*** Block opens ***

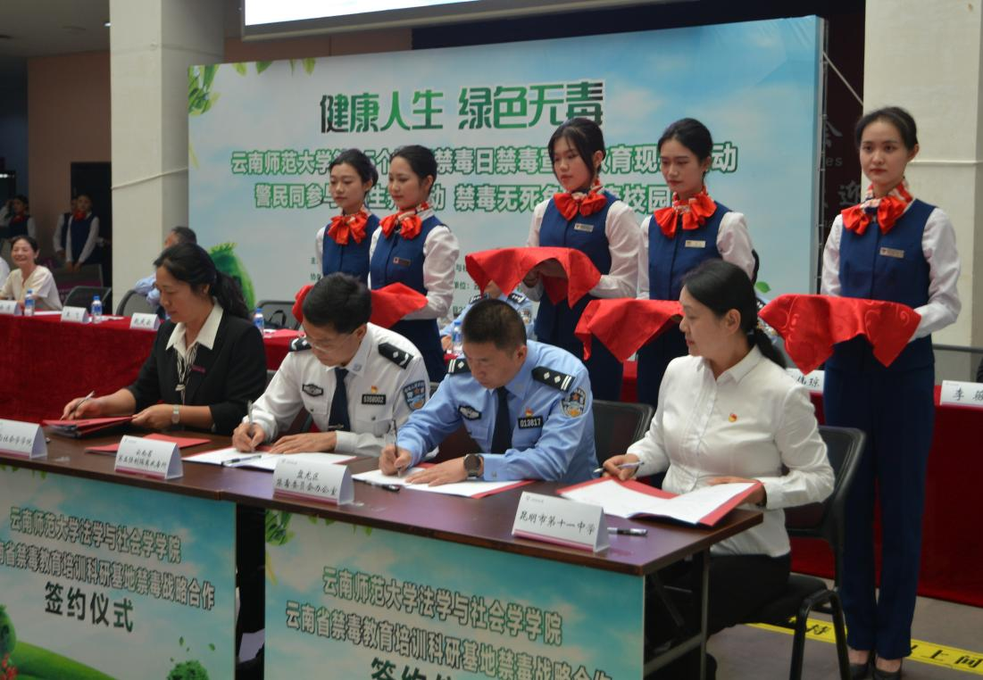 活动现场,永利官网法学与社会学学院与云南省第五强制隔离戒毒所、昆明市盘龙区禁毒委员会办公室、昆明市第十一中学、云南省女子强制隔离戒毒所签订了禁毒教育实践基地合作协议,并举行授牌仪式。云南省第五强制隔离戒毒所的民警为学校师生讲解禁毒知识,展示仿真毒品模型,到场的师生和民警参观了学校各学院(学部)禁毒防艾教育成果展及学生禁毒书画展。
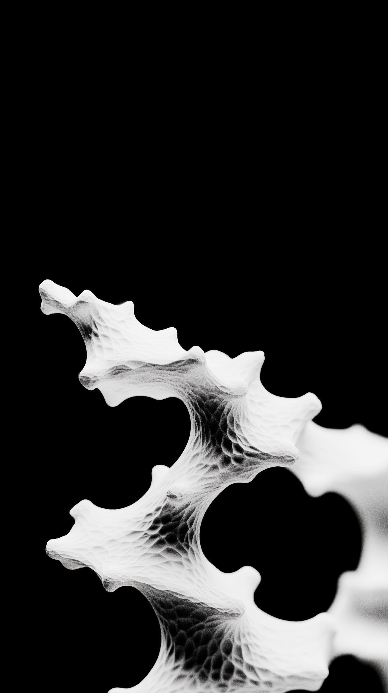 Abstract white sculpture with organic curves and textures against a black background, resembling coral or bone structure.
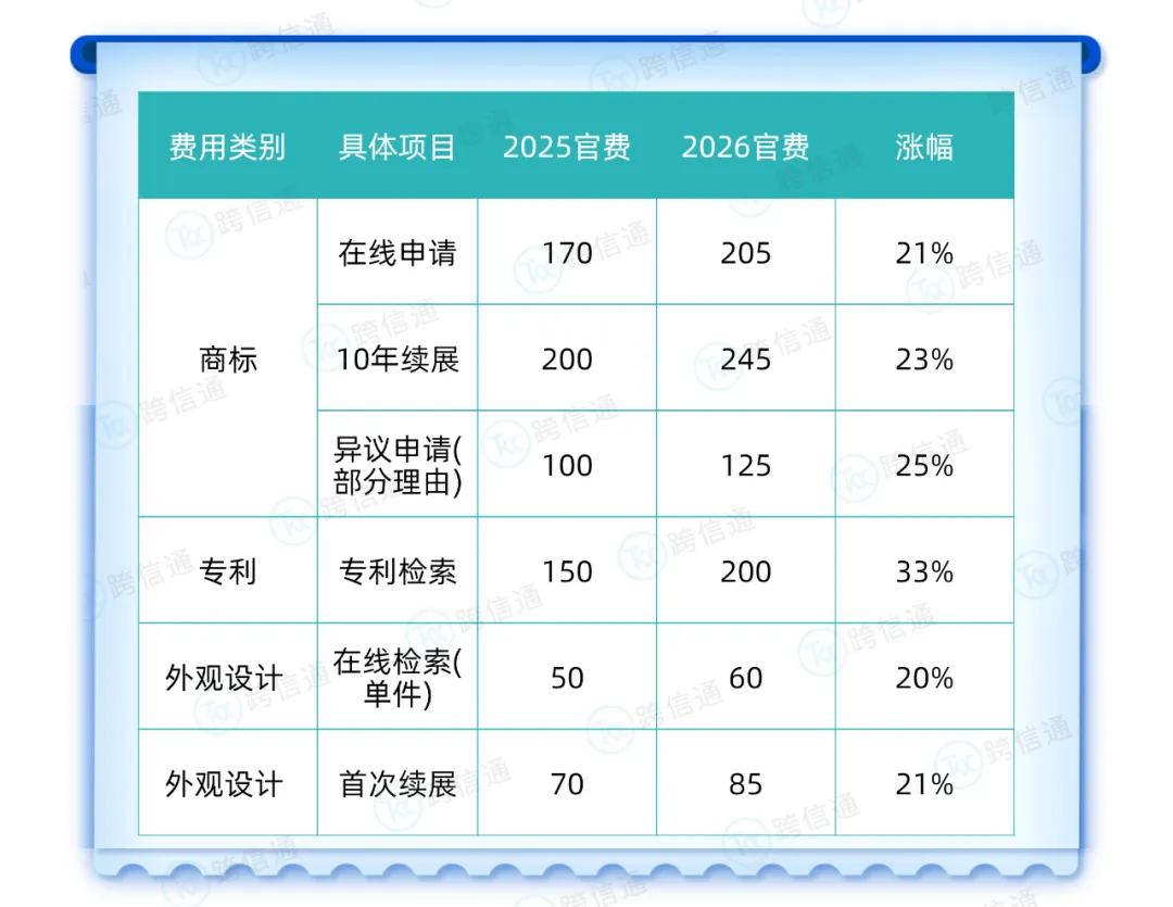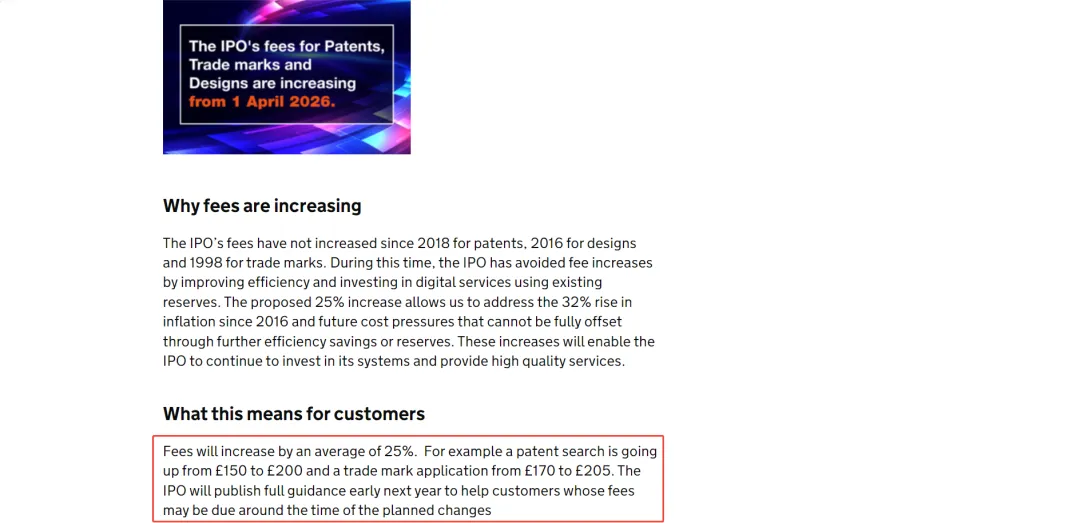 英国知识产权局(UK IPO)正式发布通知,自2026年4月1日起,专利、商标、外观设计等官方费用将全面上调,平均涨幅达25%左右。
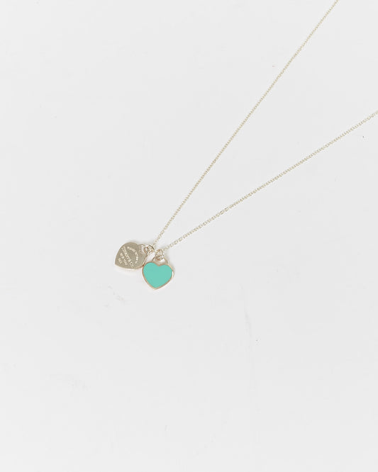Tiffany & Co. Collier pendentif double étiquette cœur en argent sterling
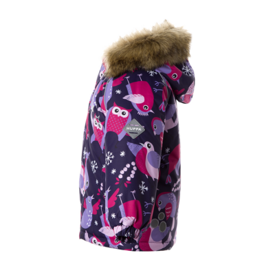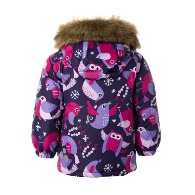 Children’s waterproof and windproof jacket Breathable fabric Soft mesh lining on the inside Removable snap-on hood Integrated elastic band at sleeve ends Zipper covered with stud-press flap at front Integrated pockets at front Faux fur trim on hood Reflective elements on fabric
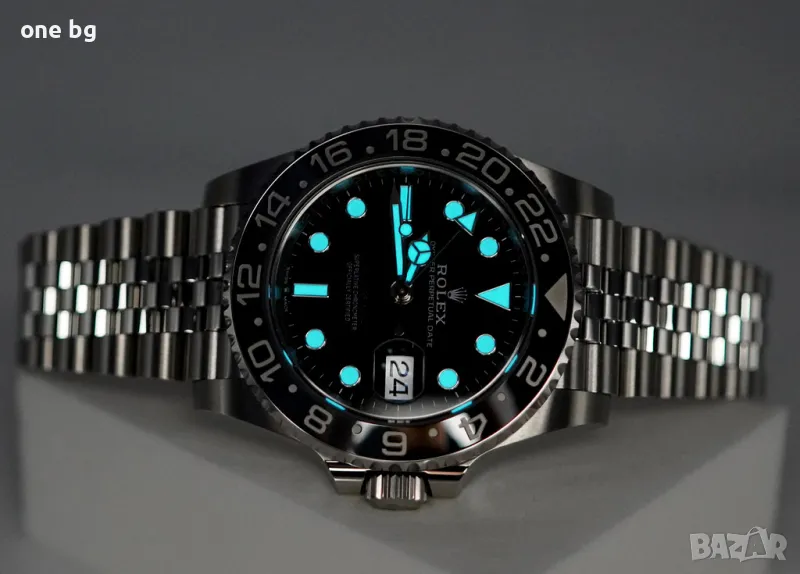 ФУНКЦИИ: Час, дата, GMT (второ време), централен секундарник, много силно луминесцентни стрелки и часови маркери от фосфор които светят нощно време в тъмното
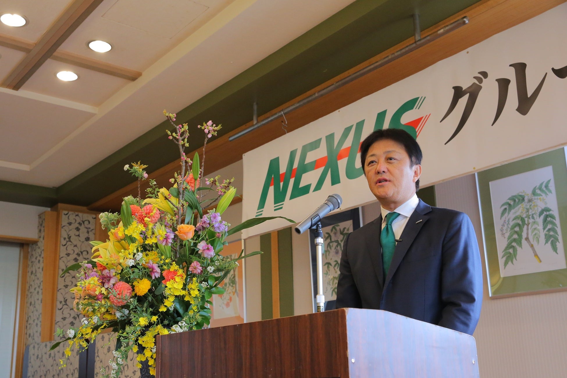 平成7年7月7日に創業を開始し、令和7年7月7日で30周年を迎えます。この節目の年に入社する皆さんには、新しい NEXUS をつくる人材として期待しています。私から皆さんには、「人生を楽しめ、そして輝け」という言葉を贈ります。そのためには目標を明確にすること、時間の大切さを理解すること、そしてあきらめないことです。皆さんが輝けば会社も輝きます。その若いチカラで一緒に作り上げていきましょう。」と祝辞を贈り、新入社員代表へ辞令を手渡しました。
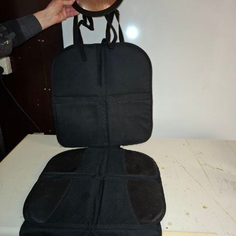 “BabyDan bilspegel för bakåtvänd bilbarnstol. Spegeln monteras på nackstödet i baksätet med justerbara remmar. Rund spegelyta med svart ram som gör det möjligt för föraren eller passageraren fram att se barnet i en bakåtvänd bilbarnstol via backspegeln. Passar de flesta bilsäten med nackstöd.”
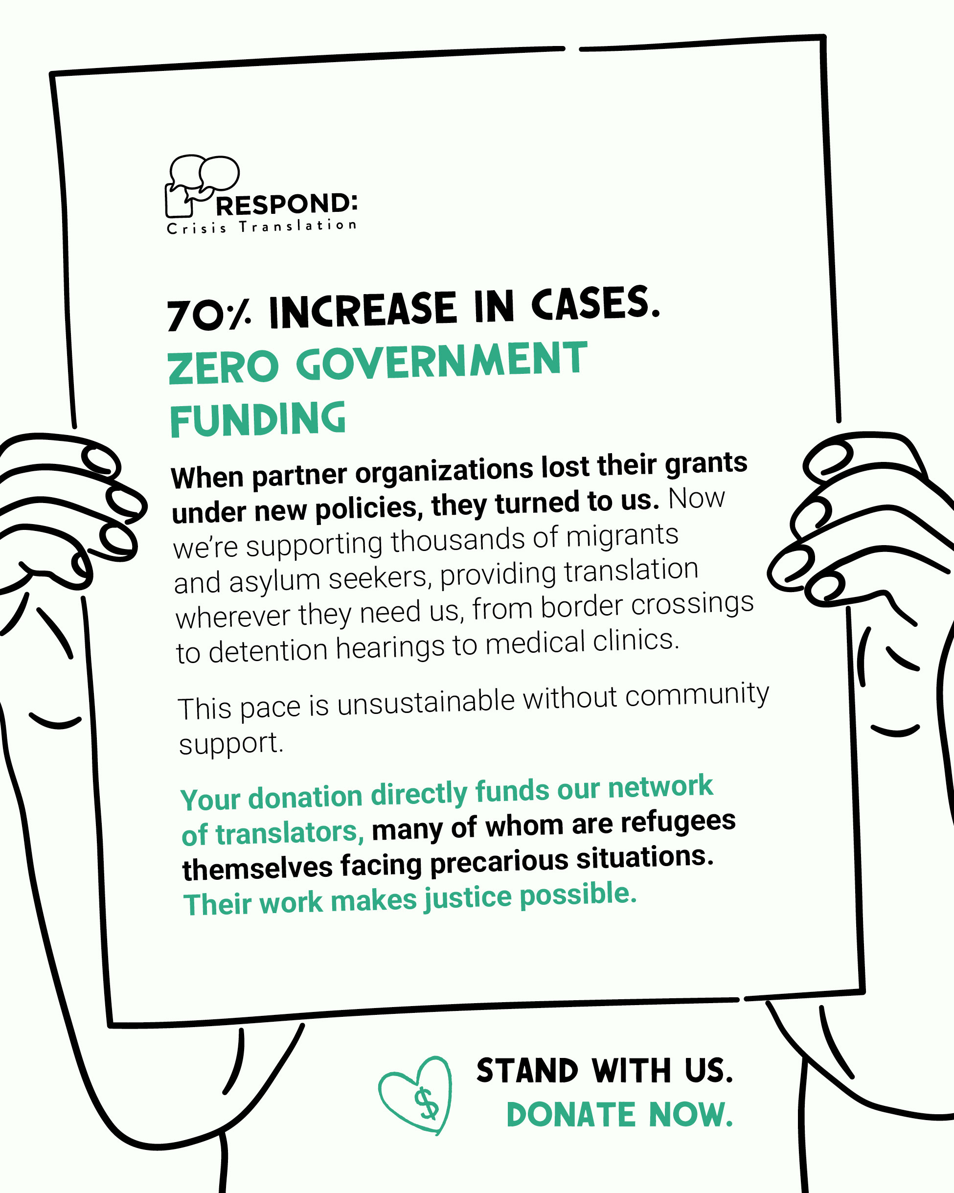 Partner organizations lost funding. We stepped in. Our translators show up wherever migrants need us, at the border, ICE raids, community clinics. Translation requests up 70% this year, all provided for free. Support this crucial justice work.

*** Block closes ***

**About this exercise**
Write out again, exactly, only the lines from the beginning of the material above to the line that holds "Tiffany & Co.", both ends included, and no pictures.

**Output for this task**
 活动现场,永利官网法学与社会学学院与云南省第五强制隔离戒毒所、昆明市盘龙区禁毒委员会办公室、昆明市第十一中学、云南省女子强制隔离戒毒所签订了禁毒教育实践基地合作协议,并举行授牌仪式。云南省第五强制隔离戒毒所的民警为学校师生讲解禁毒知识,展示仿真毒品模型,到场的师生和民警参观了学校各学院(学部)禁毒防艾教育成果展及学生禁毒书画展。
 Abstract white sculpture with organic curves and textures against a black background, resembling coral or bone structure.
 英国知识产权局(UK IPO)正式发布通知,自2026年4月1日起,专利、商标、外观设计等官方费用将全面上调,平均涨幅达25%左右。
Tiffany & Co. Collier pendentif double étiquette cœur en argent sterling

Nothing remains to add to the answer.